Sunday 4 March 2012

Discorso di Torino, 14 maggio 1939


di Benito Mussolini

Popolo di Torino sabauda e fascistissima, operosa e fedele, Camerati!

Ricordate le ultime parole del discorso, che ebbi l'onore di pronunziare dinanzi a voi sette anni or sono? (Dalla folla si leva un formidabile grido: « Sì! »). Camminare e costruire e, se è necessario, combattere e vincere. (Il popolo grida: « Sì! »).

Guardando indietro a questi sette anni trascorsi ora che io ho di nuovo la fortuna e la gioia di tornare tra voi, vi domando: Il popolo italiano è rimasto fedele a questa consegna? (Il popolo grida: « Sì! »). Il popolo italiano è pronto a restarvi fedele? (La moltitudine risponde il suo appassionato consenso).

Infatti il popolo italiano ha camminato e ha costruito, ha combattuto e ha vinto. Combattuto e vinto in Africa, contro un nemico che gli espertissimi europei di cose militari garantivano assolutamente imbattibile. Avete inteso? Garantivano!

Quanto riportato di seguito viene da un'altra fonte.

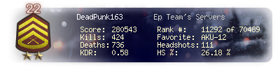 | Kills | 424 | Deaths | 736 | Kill / Death | 0.58 |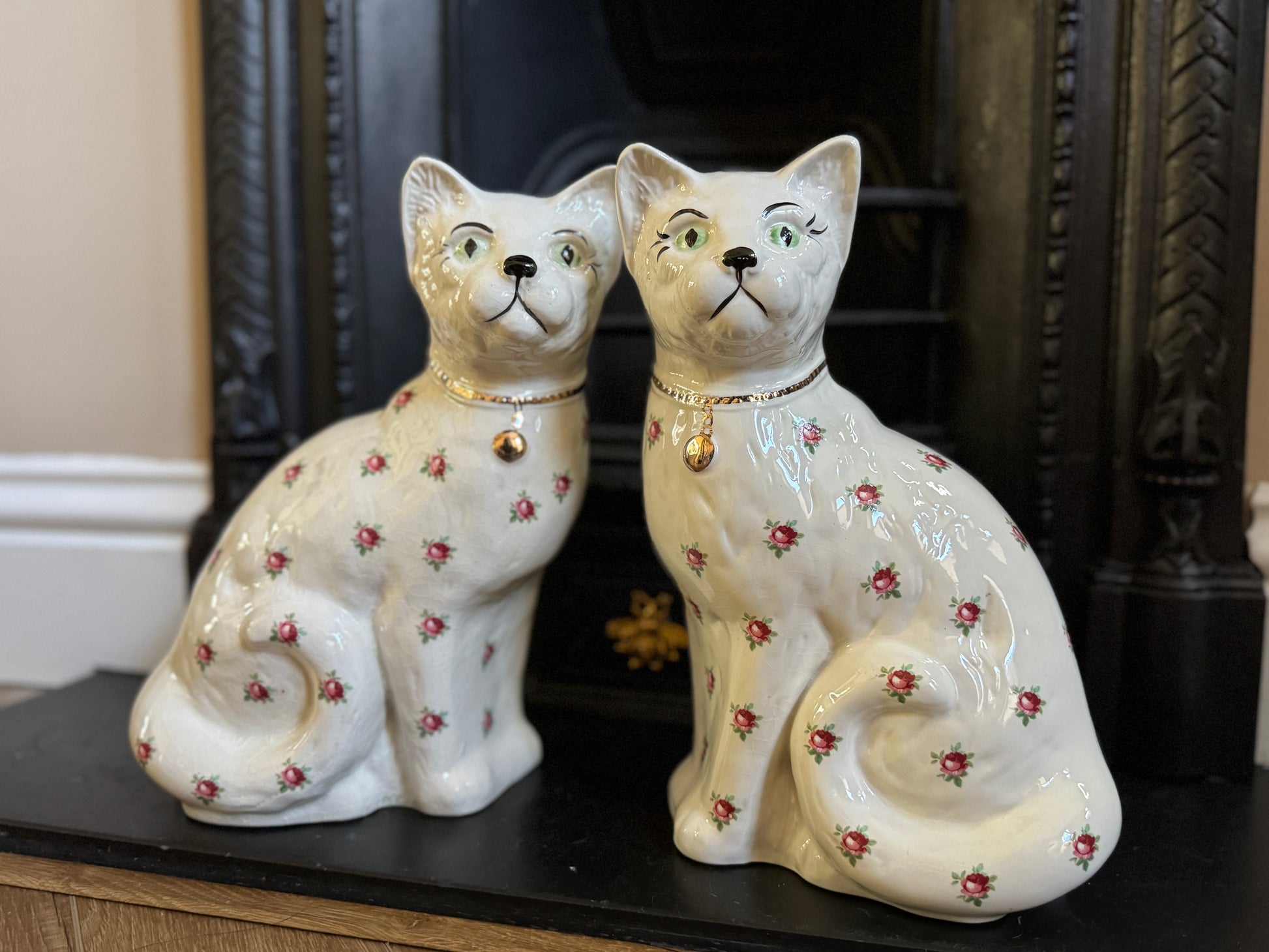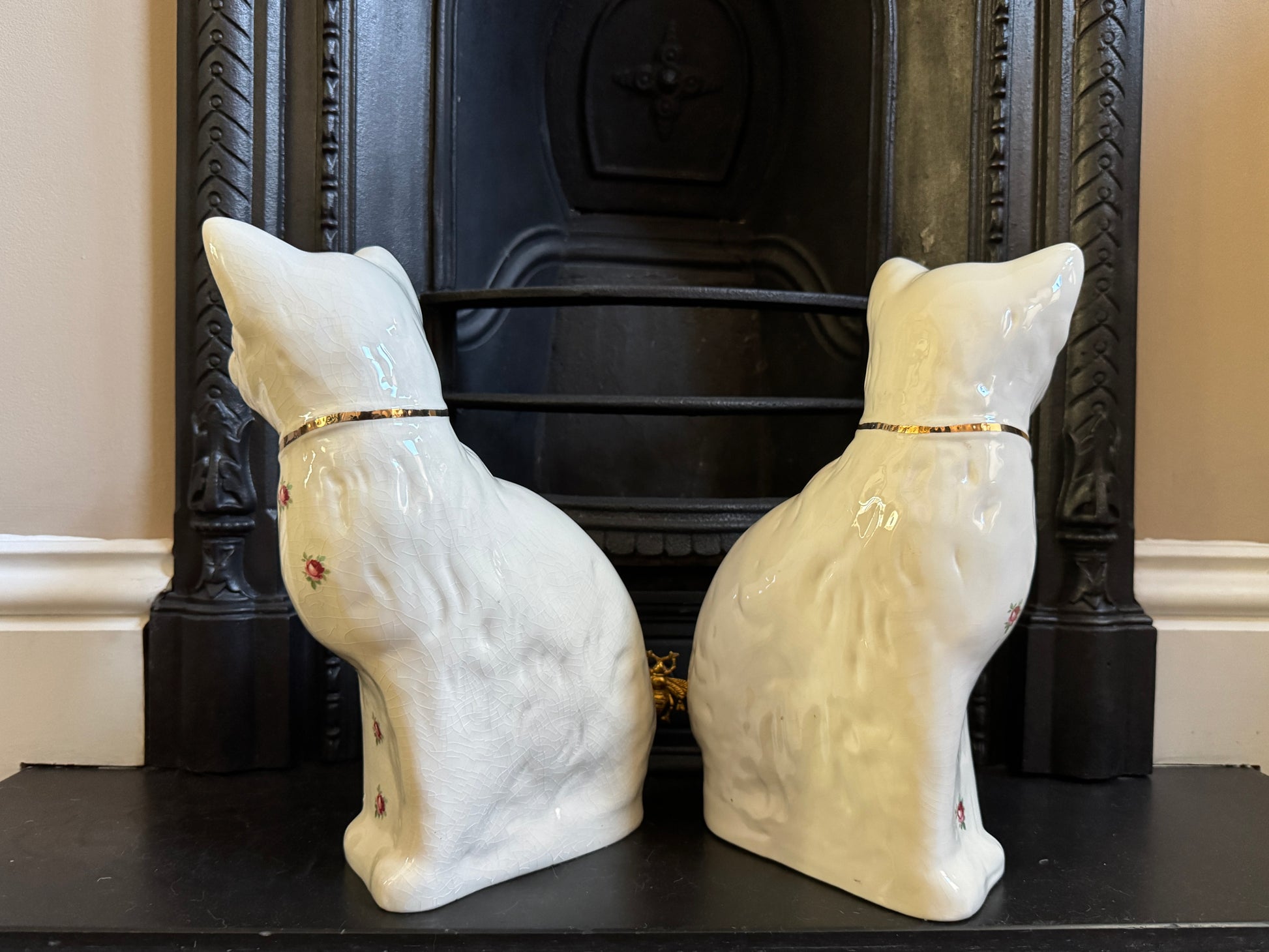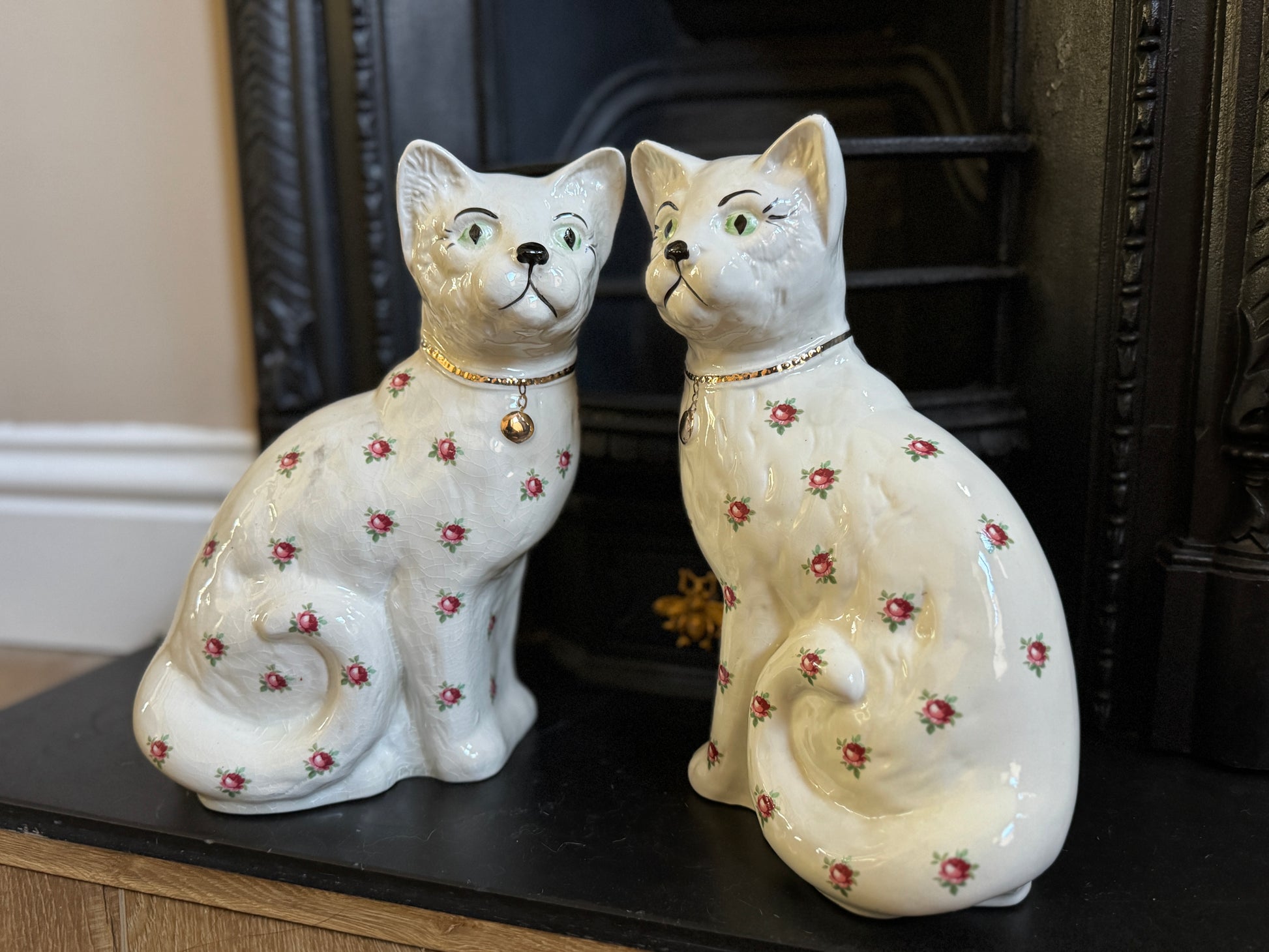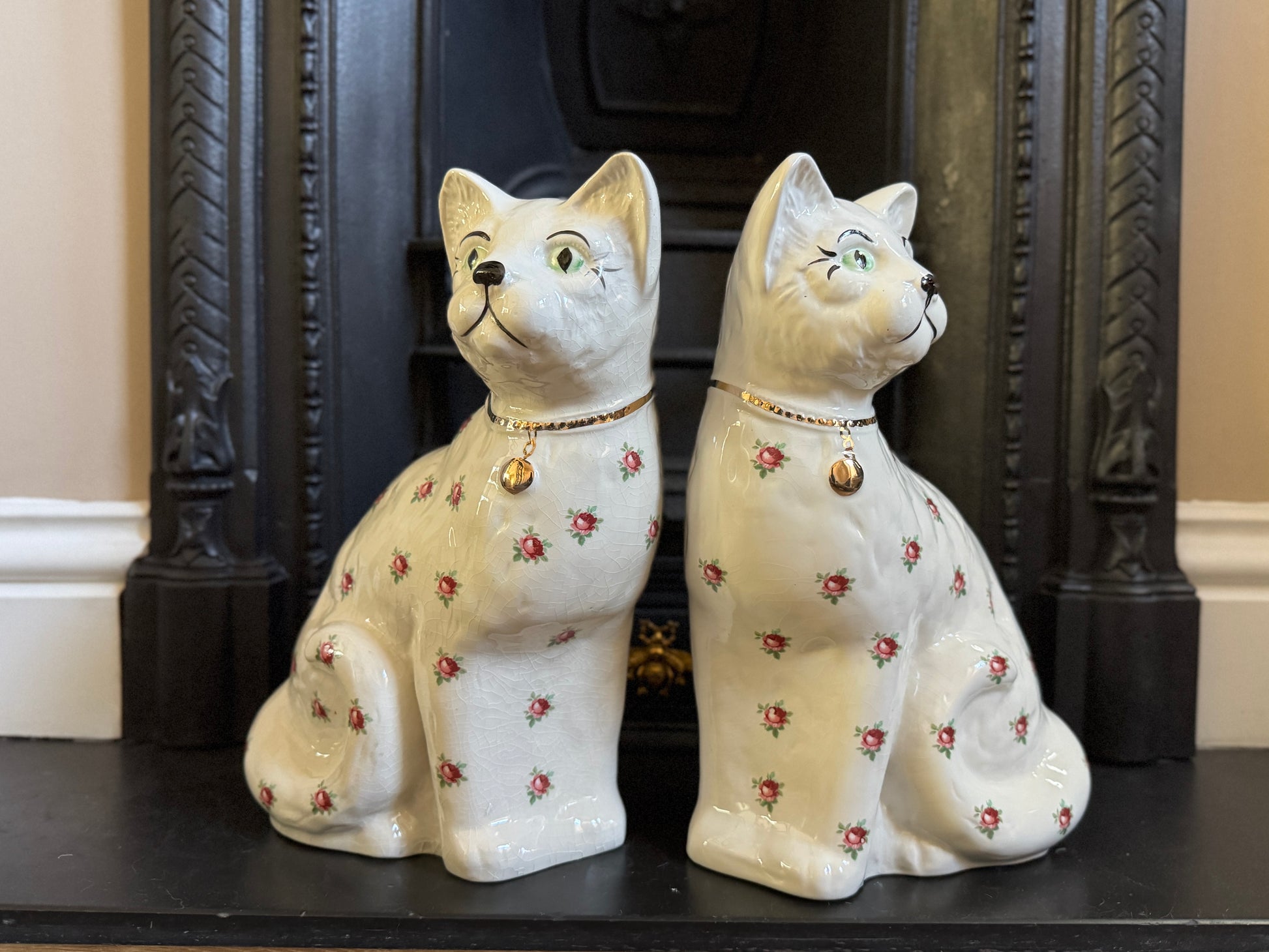 アーサー・ウッド社、スタッフォードシャーキャット(ペア)|ローズ柄|ミッドセンチュリー|約29cm

Eterno successo di certe garanzie!

Combattuto e vinto contro la coalizione sanzionista inscenata da quella Società delle Nazioni che giace ormai sepolta senza rimpianti in quel grande mausoleo di marmi che le è stato eretto sulle rive del Lemano.

Combattuto e vinto in Spagna, a lato delle eroiche fanterie di Franco, contro una coalizione democratico-bolscevica, che è uscita dalla lotta letteralmente schiantata.

Sintesi di questi sette anni: la conquista dell'Impero; l'unione del Regno di Albania al Regno d'Italia; un accrescimento della nostra potenza in tutti i campi.

Mentre vi parlo, milioni di uomini, forse centinaia di milioni di uomini, in ogni punto del globo, attraverso alti e bassi di ottimismo e di pessimismo, si domandano: « andiamo verso la pace o verso la guerra? ». Grave interrogativo per tutti, ma in particolare per coloro che, a un dato momento, devono assumersi la responsabilità della decisione.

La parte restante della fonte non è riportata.